Tableau 1: directives de gestion pour une fracture de contrainte naviculaire

semaines 0 – 6 strict Non-poids portant en fonte de fibre de verre ou de démarrage. À la fin de la semaine 6, effectuez un scanner pour mesurer la guérison (si cela est justifié) et évaluer ‘N’ spot. En cas de douleur, maintenir la non-prise de poids pendant deux semaines supplémentaires.
semaines 7 – 8 en option portage intégral dans une botte de came ou portage total sans botte si ‘n’ spot n’est pas tendre.,
8 Semaines – 12 Commencer à courir sur l’herbe tous les deux jours. Commencez avec cinq minutes et augmentez de cinq minutes chaque semaine. Une fois que la charge de course est jusqu’à dix minutes continues, progressez vers des sprints sur des distances d’environ 60-80 mètres, avec une accumulation de vitesse et de volume sur quelques semaines.
semaines 13-16 commencez un entraînement léger avec une accumulation progressive de charge et d’intensité.
16 Semaines+ Retour à la compétition.,
  1. Type 2 et de Type 3 – la Chirurgie peut être la meilleure stratégie de gestion pour ces types de fractures. Les fractures de Type 2 prennent en moyenne cinq mois à se résorber(18).
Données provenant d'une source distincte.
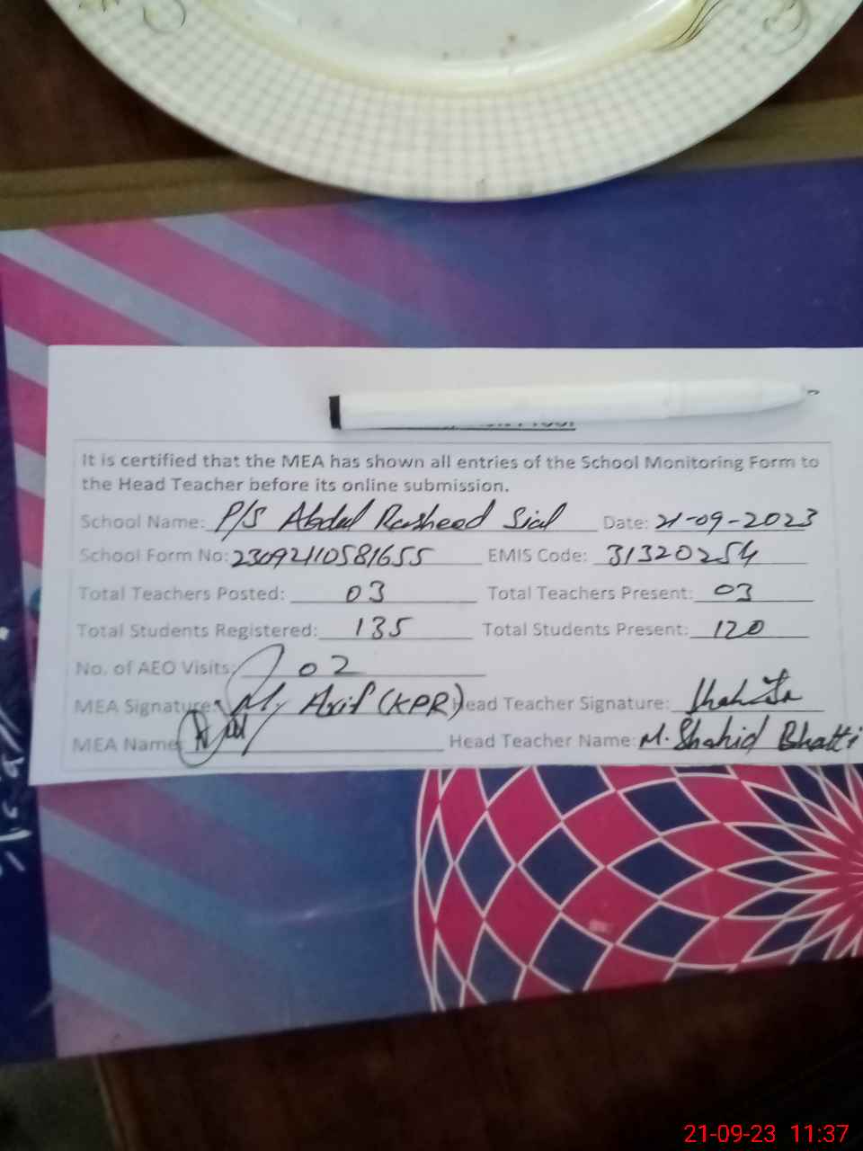 | Attendance Register | Head Teacher | MEA with School | Visit Proof |

  2. fracture de stress compliquée-si le patient a encore de la douleur après la période initiale de non-Port de poids, il devrait tenter six semaines supplémentaires de non-Port de poids (12 semaines au total). S’il est encore douloureux à 12 semaines (ou chez les athlètes présentant des fractures de type 2 et 3 qui souhaitent un retour plus rapide à la compétition), la prise en charge chirurgicale est la meilleure., La chirurgie implique généralement deux vis canulées qui passent du latéral au médial (dans les fractures de type 2), ou une réduction ouverte et une fixation interne avec greffe osseuse (pour les fractures de type 3). Après la chirurgie, les patients ne portent pas de poids pendant six semaines, puis sont autorisés à supporter complètement le poids. Les médecins effectuent généralement une nouvelle tomodensitométrie dix semaines après la chirurgie pour assurer l’union du site de fracture avant de charger avec la course(8). Les fractures de Type 3 prennent en moyenne 4,75 mois à se résorber(18).,

bien que les études soient limitées, les résultats généraux de la prise en charge conservatrice par rapport à la prise en charge opératoire des fractures de stress naviculaire montrent que dans les cas gérés de manière conventionnelle, le délai de retour au sport est d’environ 22-26 semaines. Alors que, les personnes traitées chirurgicalement ont tendance à revenir à la compétition en 15-18 semaines(2,14).